→ **DATA SUPPLIED**
= = = = =
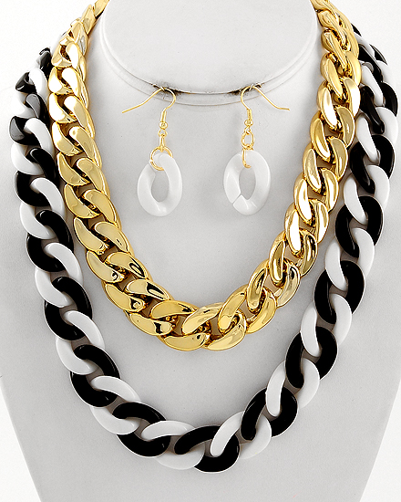 Black-white & Gold Metal Look Acrylic / Lead&nickel Compliant / 2 Row Chain Necklace & Fish Hook Earring Set • Length : 16 1/2" + EXT • Earring : 1 3/4" L • Drop : 2 1/4" L
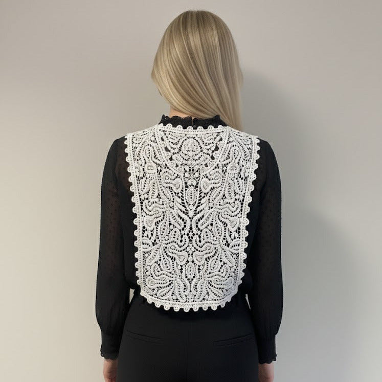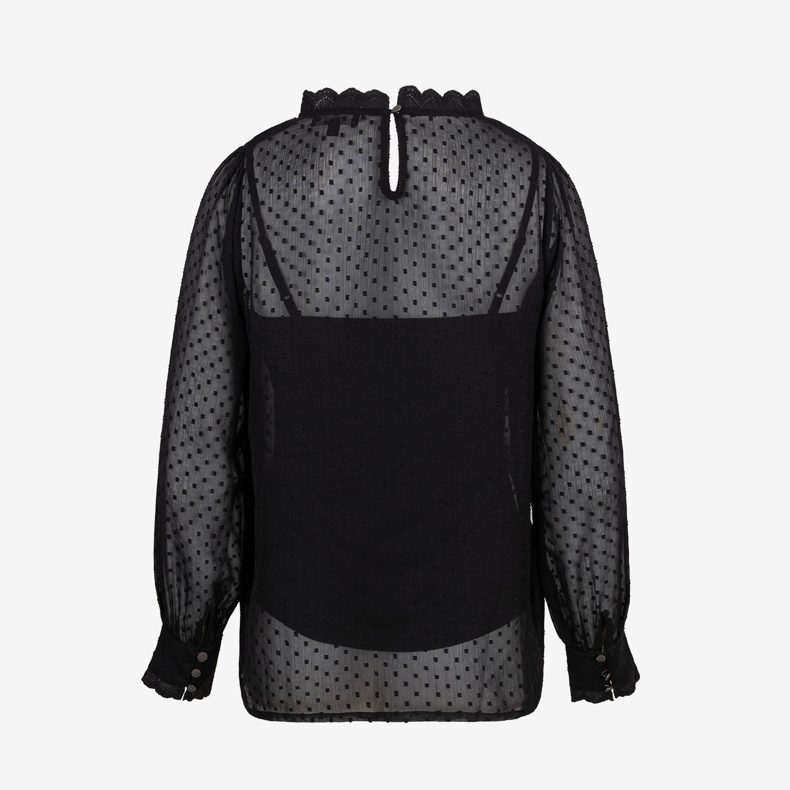 Manches longues légèrement froncées, ajoutant du volume et de la fluidité, terminées par des poignets élégants : 3 boutons gravés coloris argent et un galon en broderie anglaise.
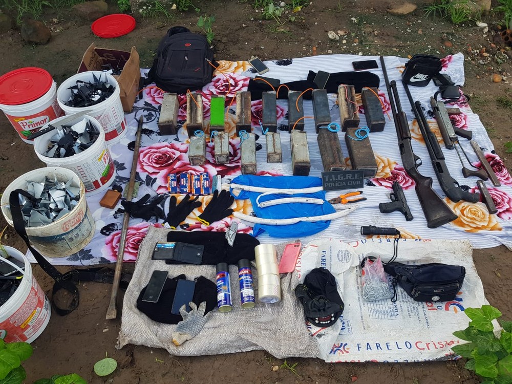 Várias armas de fogo, explosivos e grampos foram apreendidos na ação. O material será levado para a sede da Divisão Especial de Investigação e Capturas (Deic), na Santa Amélia, em Maceió.
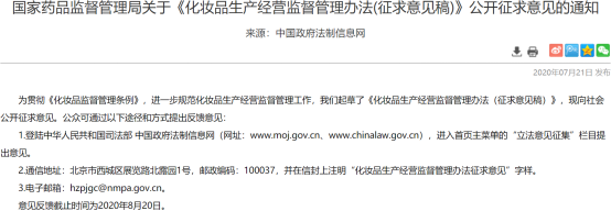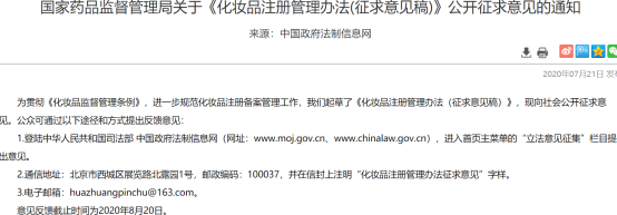 2020年07月21日,國家藥品監督管理局發布關于《化妝品生產經營監督管理辦法(征求意見稿)》和《化妝品注冊管理辦法(征求意見稿)》公開征求意見的兩項通知。意見反饋截止時間為2020年8月20日。
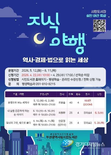 이은경 시민도서관장은 “직장인 등 낮 시간 이용이 어려운 시민들도 퇴근 후 배움을 이어갈 수 있도록 이번 야간 특강을 마련했다”며 “앞으로도 시민의 삶과 가까운 다양한 평생학습 프로그램을 지속적으로 확대해 나가겠다”고 말했다.
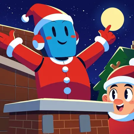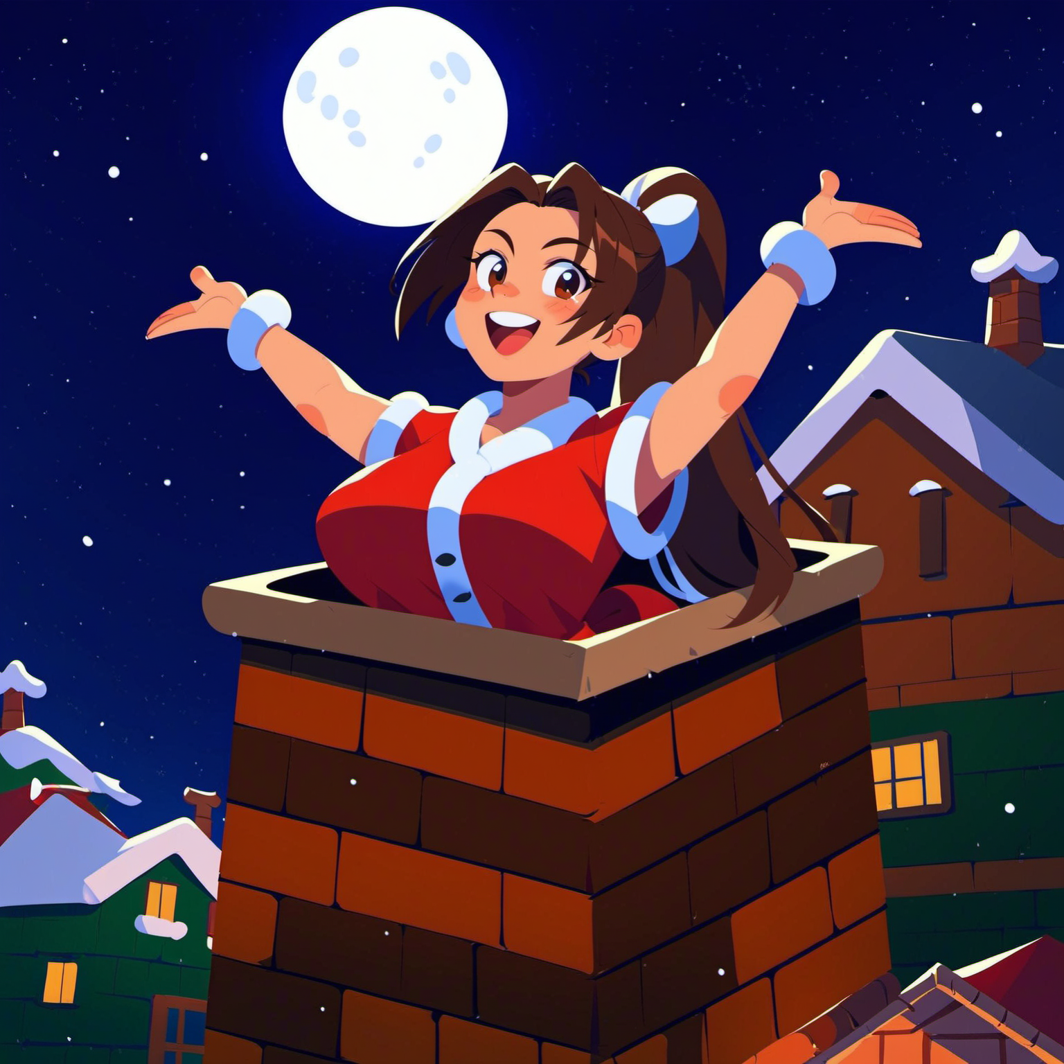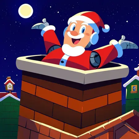 长格式提示词:圣诞老人、圣诞服、胖、双臂上举、快乐、张嘴、烟囱、圣诞老人在烟囱里、夜晚、月亮、圣诞帽、白色胡须、白色眉毛、白色胡须、房屋、雪、脸红、蓝眼睛、卡通、砖块、耳朵
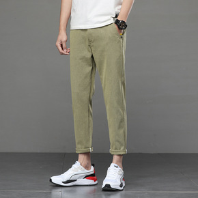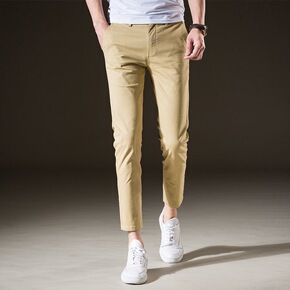 春夏季薄款男士休闲九分裤色简约男潮流修身小脚弹力九...
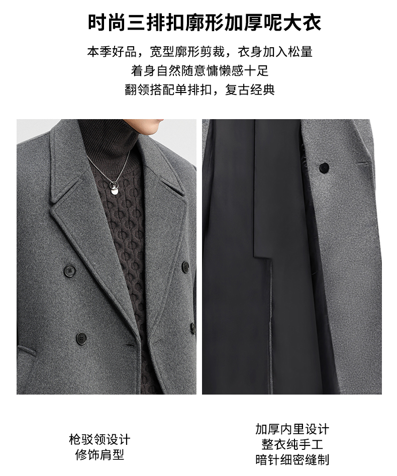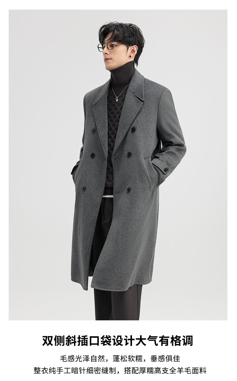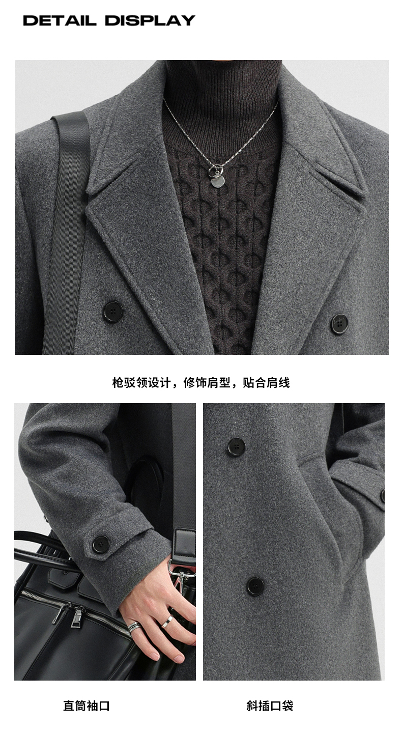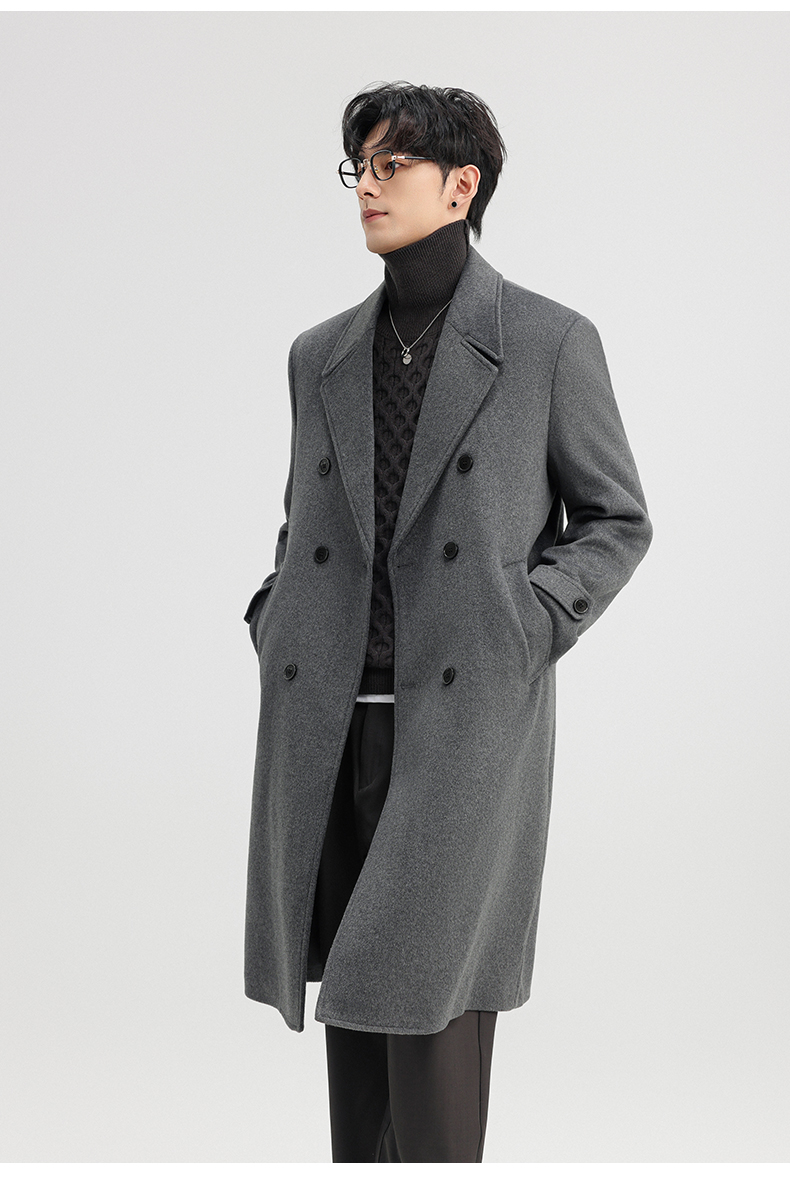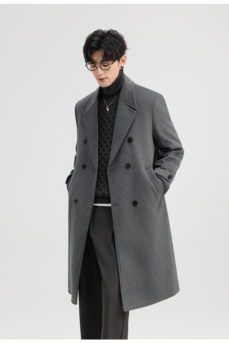 Woodpecker Woolen Coat for Men, Mid-Length, 2025 Winter New Style, Thickened Wool Double-Breasted Woolen Overcoat
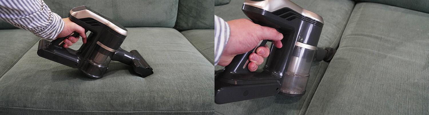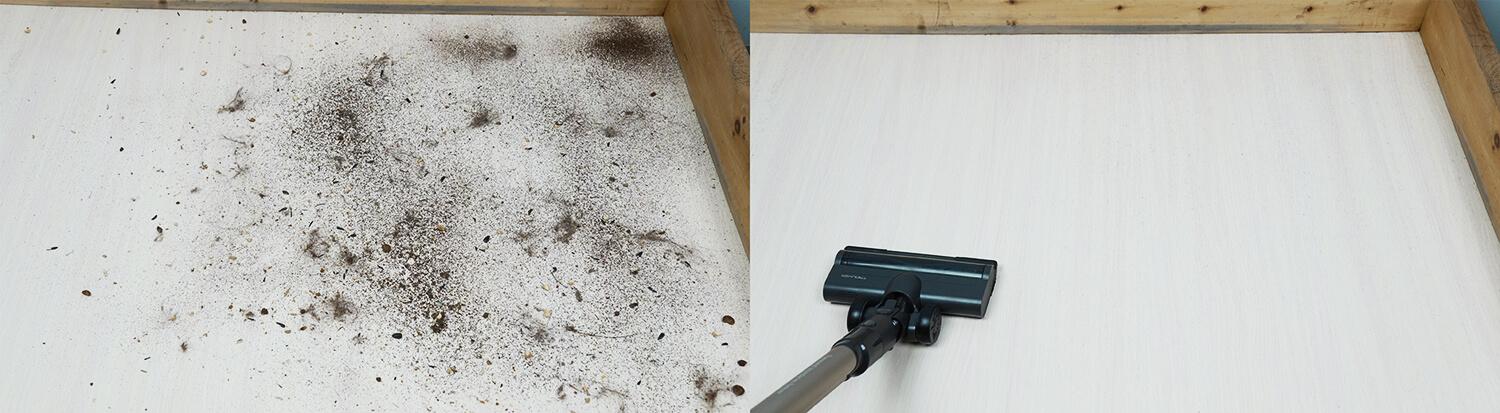 Что касается мощности всасывания, на минимальной мощности Trouver J40 с легкостью вычистил щели глубиной до 10 и даже от 12 до 14 мм. Щели глубиной от 16 до 20 мм он вычистил частично. На средней мощности ему удалось хорошо пройти щели в 20 и 25 мм. Ну и на максимальной он хорошо вычистил 35 мм щель. Так что в реальности мощность повышенная у этого пылесоса.
= = = = =
→ **TASK DESCRIPTION**
For the material above, give again only the lines starting at the line that contains "Várias armas de" and ending at the line that contains "Woodpecker Woolen Coat". Pictures do not belong in the copy.

→ **YOUR RESPONSE**
 Várias armas de fogo, explosivos e grampos foram apreendidos na ação. O material será levado para a sede da Divisão Especial de Investigação e Capturas (Deic), na Santa Amélia, em Maceió.
 2020年07月21日,國家藥品監督管理局發布關于《化妝品生產經營監督管理辦法(征求意見稿)》和《化妝品注冊管理辦法(征求意見稿)》公開征求意見的兩項通知。意見反饋截止時間為2020年8月20日。
 이은경 시민도서관장은 “직장인 등 낮 시간 이용이 어려운 시민들도 퇴근 후 배움을 이어갈 수 있도록 이번 야간 특강을 마련했다”며 “앞으로도 시민의 삶과 가까운 다양한 평생학습 프로그램을 지속적으로 확대해 나가겠다”고 말했다.
 长格式提示词:圣诞老人、圣诞服、胖、双臂上举、快乐、张嘴、烟囱、圣诞老人在烟囱里、夜晚、月亮、圣诞帽、白色胡须、白色眉毛、白色胡须、房屋、雪、脸红、蓝眼睛、卡通、砖块、耳朵
 春夏季薄款男士休闲九分裤色简约男潮流修身小脚弹力九...
 Woodpecker Woolen Coat for Men, Mid-Length, 2025 Winter New Style, Thickened Wool Double-Breasted Woolen Overcoat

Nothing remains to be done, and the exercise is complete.